Deborah Kay Morrison is an American cell biologist who is the chief of the Laboratory of Cell and Developmental Signaling at the National Cancer Institute. She conducts research characterizing the RAS pathway and the RAF family kinases and leads efforts to design new therapeutic strategies for cancer treatment.

== Education and early life ==
Morrison was born in Nashville, Tennessee. She attended David Lipscomb College where she graduated with a degree in biology. Morrison then went on to complete a Ph.D. in Molecular and Cell Biology from Vanderbilt University School of Medicine in 1996. Her 1985 dissertation was titled Characterization of the virion-associated RNA polymerase of rabbit poxvirus using monoclonal antibodies.

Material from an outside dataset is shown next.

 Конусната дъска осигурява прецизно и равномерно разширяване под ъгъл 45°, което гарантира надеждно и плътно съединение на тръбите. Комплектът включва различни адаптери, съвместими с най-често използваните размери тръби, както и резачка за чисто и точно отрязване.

She then began studying signal transduction as a postdoctoral fellow in the laboratories of Thomas M. Roberts at Harvard Medical School and Lewis T. Williams at the University of California, San Francisco.

== Career and research ==
Morrison joined the ABL-Basic Research Program in 1990 and became head of the Cellular Growth Mechanisms Section in 1995. From 1996 to 1997, she was on sabbatical in the laboratory of Gerald M. Rubin at the University of California, Berkeley.

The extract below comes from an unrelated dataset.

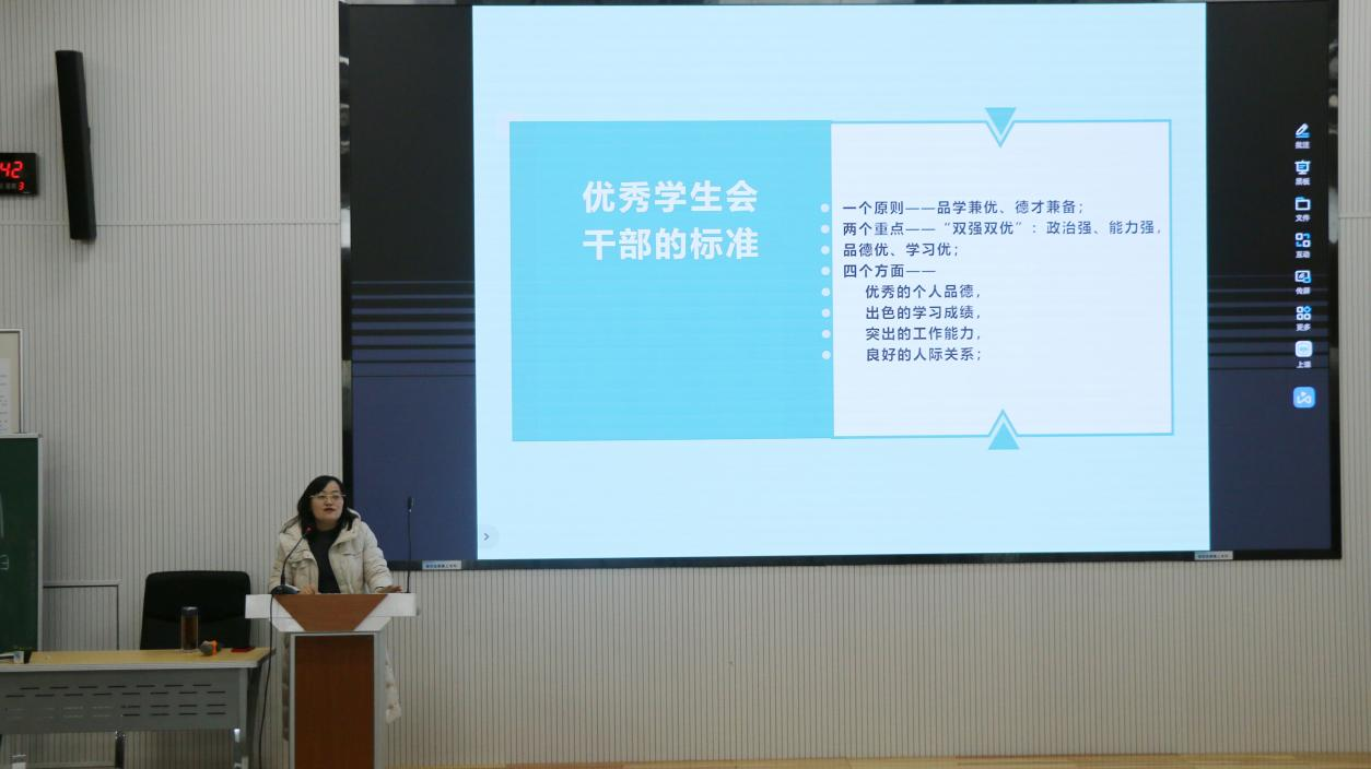培训伊始,李宴美书记着重强调提升学生会干部素养的重要性,明确指出学生会干部作为学生群体的引领者,不仅要在学术上树立榜样,更要在学生工作中全方位展现出色的综合素养与强烈的责任感,充分发挥模范带头作用。

Morrison joined the National Cancer Institute's (NCI) Center for Cancer Research in 1999 and became chief of the Laboratory of Cell and Developmental Signaling in 2006. She is a leader in the study of the RAF kinases. Her work has provided insights into the biochemical and structural basis of RAF activation and has guided the design of new therapeutic strategies.

== Awards and honors ==
In 2013 and 2021, Morrison received the NIH Director's Award for her breakthroughs in cancer research. In 2022, Morrison was elected a member of the National Academy of Sciences.